Il blog di Luigi Accattoli Posts

Invito i miei visitatori a fermarsi un paio di giorni sulle pagine 174 e 175 del libro di Raztinger-Benedetto su Gesù, che tratta dell’abuso umano del “nome” di Dio, nome che di per sè – in quando dono e rivelazione – riassume il “meraviglioso mistero della sua accessibilità da parte nostra”. Insomma: Dio si rivela, ci comunica il suo nome, “si rende invocabile” e noi quel nome lo macchiamo, lo deturpiamo, l’asserviamo ai nostri scopi, lo rendiamo irriconoscibile.

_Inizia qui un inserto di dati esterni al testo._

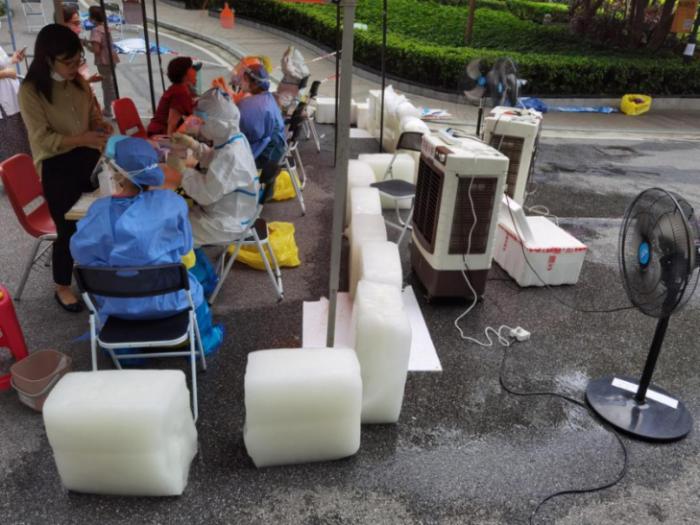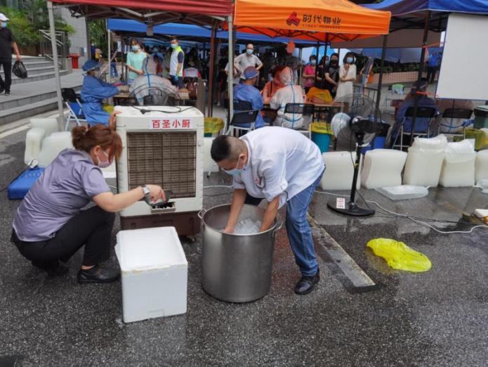 热心市民送上“冰块阵”,爱心企业自制“冷气机”

Ecco i passaggi più intensi delle due pagine:

Il nome crea la possibilità dell’invocazione, della chiamata. Stabilisce una relazione. – Ciò che giunge a compimento nell’incarnazione ha avuto inizio con la consegna del nome. – Dio ora è davvero divenuto accessibile nel suo Figlio fatto uomo, Egli fa parte del nostro mondo, si è consegnato, per così dire, nelle nostre mani. – Ora del nome di Dio si può abusare e così macchiare Dio stesso. Possiamo impadronirci del nome di Dio per i nostri scopi e deturpare così l’immagine di Dio. – Quanto più egli è vicino, tanto più il nostro abuso può renderlo irriconoscibile. Martin Buber ha detto una volta che con tutto l’infame abuso del nome di Dio potremmo perdere il coraggio di pronunciarlo. Ma tacerlo sarebbe ancor più un rifiuto del suo amore.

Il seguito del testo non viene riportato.